Hasbro, the U.S. entertainment giant behind Peppa Pig, is asking child actors on the beloved animated series to sign over their voices to artificial intelligence under new contract terms, Deadline revealed. The move has ignited a firestorm across the children’s entertainment industry and drawn nearly 1,000 signatures on an open letter condemning the practice.
Under the new contract terms, child voice actors on the series are being asked to agree to AI clauses that would theoretically give Hasbro the power to clone a child’s voice and use the AI-generated audio across all commercial assets within its franchise. Industry sources say the clause is being presented as a take-it-or-leave-it condition, meaning children risk losing the work entirely if their parents or guardians refuse to agree to the terms.
The Agents of Young Performers Association, which organized the open letter, said AI clauses are now frequently appearing in kids’ contracts across TV and film projects, but characterized Hasbro’s approach on an international children’s franchise as a tipping point. While the letter does not name Peppa Pig directly, industry sources confirmed to Deadline that it refers to the show.

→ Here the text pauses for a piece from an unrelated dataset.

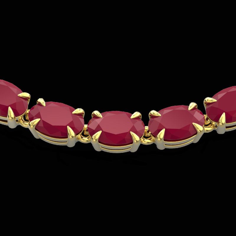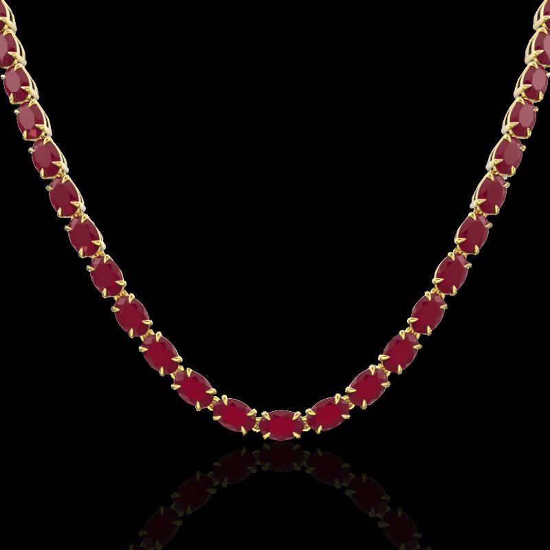40 CTW Ruby Eternity Tennis Necklace 14K Yellow Gold ---- Luxury Designer Brand Necklace Appraised Retail Price at $16,800 ---- SKU Number US23380 14k Yellow gold Necklace Size is 16 Incehs, Necklace measuring approx. 6 mm x 16 INCHES, weighing in total approx. 19 grams. Made in the USA and is stamped 14k, Main stone 40.00 carat total weight containing 57 pieces of Mid-Opaque-Deep Red color with AAA quality Oval shape cut Ruby , Stone #2 carat total weight containing pieces of color with quality shape cut

“Where the performer is a child, consent must be treated with the greatest of care,” the letter reads. “Children cannot provide fully informed legal consent and a parent or guardian’s approval should never be used as a blanket licence to capture, clone, train, or reuse a child’s voice indefinitely. Any agreement involving a child’s voice should be fully exempt from all AI usage. No child should have their future professional identity shaped by an AI model created before they were old enough to understand its consequences.”
The letter concludes with a direct declaration: “We reject all contracts that require child performers to surrender voice rights indefinitely and without limits.”
Hasbro responded to the controversy in a statement to Deadline, saying the protection of child performers is core to who the company is. “As industry standards around AI continue to evolve, we are committed to engaging with this issue in a responsible and transparent manner,” a spokesperson said, adding that the company was not able to comment on specific negotiations or contractual arrangements.
Created by Mark Baker and Neville Astley in 2004, Peppa Pig has grown into one of the most recognizable children’s franchises in the world. Season 11 premiered in the U.S. on Nickelodeon in March, featuring a storyline in which Peppa’s brother George is revealed to be moderately deaf. That same month, Hasbro installed Adam Redfern, a writer on The Adventures of Paddington, as the show’s new showrunner.